BeyondTrust Warns of Critical Pre-Auth RCE Flaw in Remote Support Software

BeyondTrust has issued an urgent security advisory warning of a critical remote code execution vulnerability affecting its Remote Support and Privileged Remote Access products. The flaw, tracked as CVE-2026-1731, allows unauthenticated attackers to execute operating system commands by sending specially crafted client requests.

The vulnerability is particularly severe because it can be exploited before authentication, putting exposed systems at immediate risk.

Details of the Vulnerability

CVE-2026-1731 stems from improper handling of client requests within BeyondTrust’s remote access services. An attacker does not need valid credentials to trigger the flaw, making it attractive for opportunistic scanning and exploitation.
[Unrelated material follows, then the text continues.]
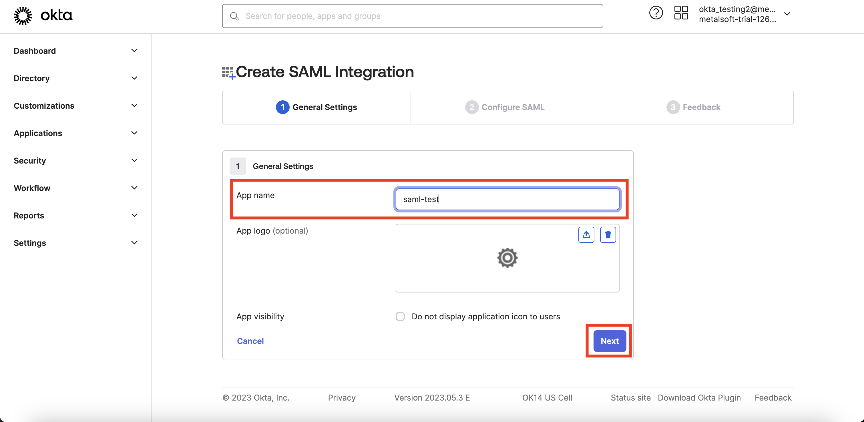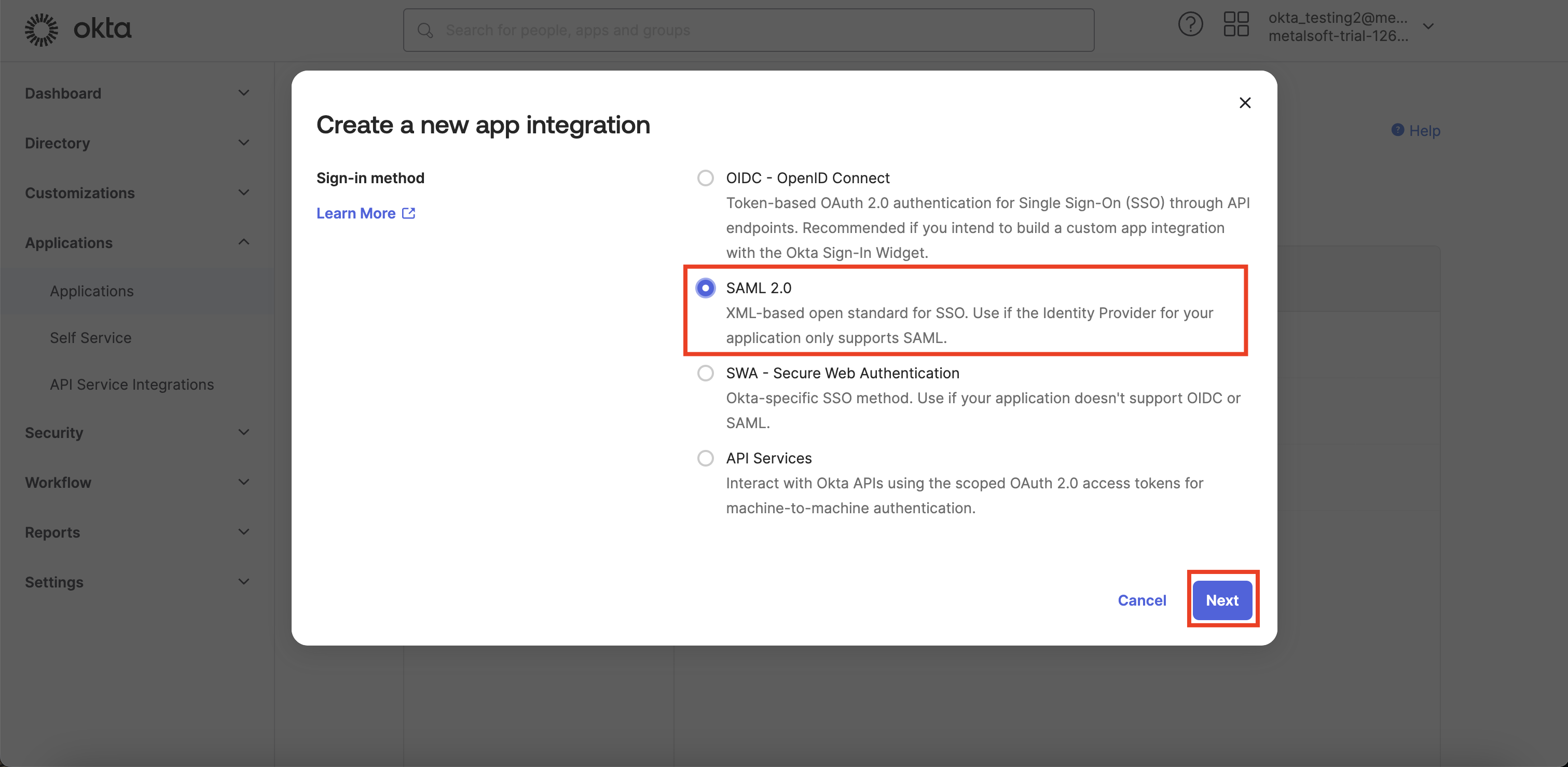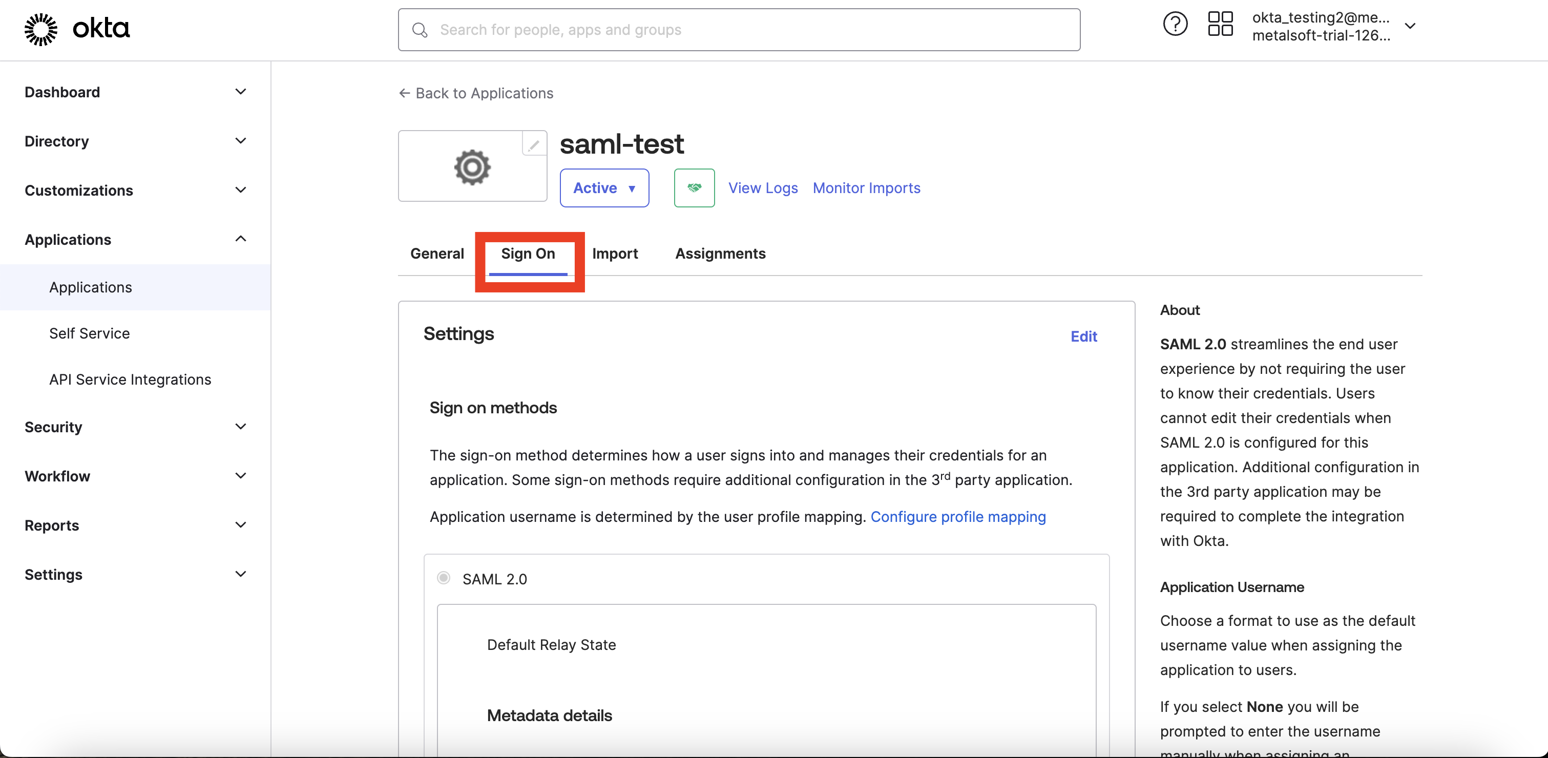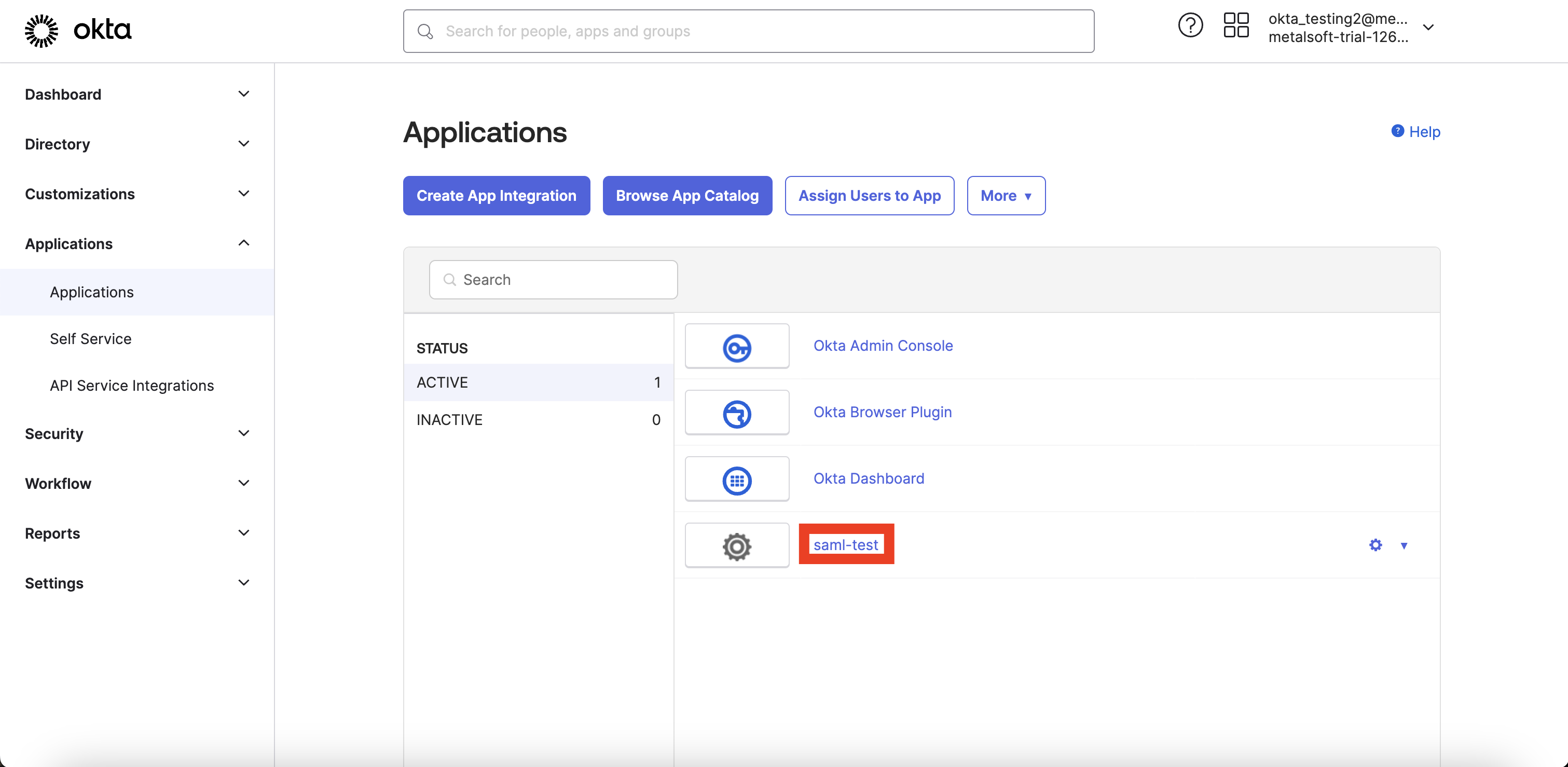Section titled “Step 2. Configuring MetalSoft App for using Okta configuration.”In step 1, we created an app named “saml-test.” For step 2, it is necessary to integrate Okta’s app with the MetalSoft app. Okta will provide the configuration data required by the MetalSoft app. Please follow the steps below:

Successful exploitation could allow threat actors to run arbitrary OS-level commands, potentially leading to full system compromise, lateral movement, or deployment of additional malware.

Scope of Exposure

BeyondTrust estimates that roughly 11,000 internet-facing instances may be exposed if left unpatched. These instances are often deployed to provide remote access and privileged session management, making them high-value targets for attackers.
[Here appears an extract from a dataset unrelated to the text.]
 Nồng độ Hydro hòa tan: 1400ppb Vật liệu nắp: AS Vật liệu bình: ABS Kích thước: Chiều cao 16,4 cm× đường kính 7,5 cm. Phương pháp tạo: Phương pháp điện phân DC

Security teams warn that vulnerabilities in remote access software are frequently weaponized quickly due to their strategic position inside enterprise networks.

Vendor Response

BeyondTrust confirmed that all affected cloud-hosted instances under its control have already been secured. The company emphasized, however, that customers running on-premises deployments must take immediate action.

Organizations using vulnerable versions are strongly urged to upgrade without delay.

Recommended Fixes

To mitigate the vulnerability, BeyondTrust advises customers to upgrade to the following patched releases:

• Remote Support version 25.3.2
• Privileged Remote Access version 25.1.1

These versions address the underlying issue and block the attack vector used for pre-authentication command execution.

Risk to Enterprises

Because BeyondTrust products are often deployed with elevated privileges and deep access to internal systems, exploitation could have severe consequences. Attackers gaining control of these platforms may be able to access sensitive systems, credentials, and data.

Past incidents have shown that remote access vulnerabilities are frequently leveraged by ransomware groups and advanced persistent threat actors.

Defensive Guidance

In addition to patching, organizations are advised to review logs for suspicious activity, restrict external exposure where possible, and ensure that remote access services are protected by network-level controls.

Continuous monitoring of privileged access tools is critical, as these platforms often represent a single point of failure in enterprise security architectures.

An Urgent Call to Patch

The disclosure of CVE-2026-1731 serves as a reminder of the risks posed by internet-exposed administrative tools. With pre-authentication exploitation possible, delay in applying updates significantly increases the likelihood of compromise.

For BeyondTrust customers, immediate patching is the most effective step to reduce risk and prevent potential large-scale exploitation.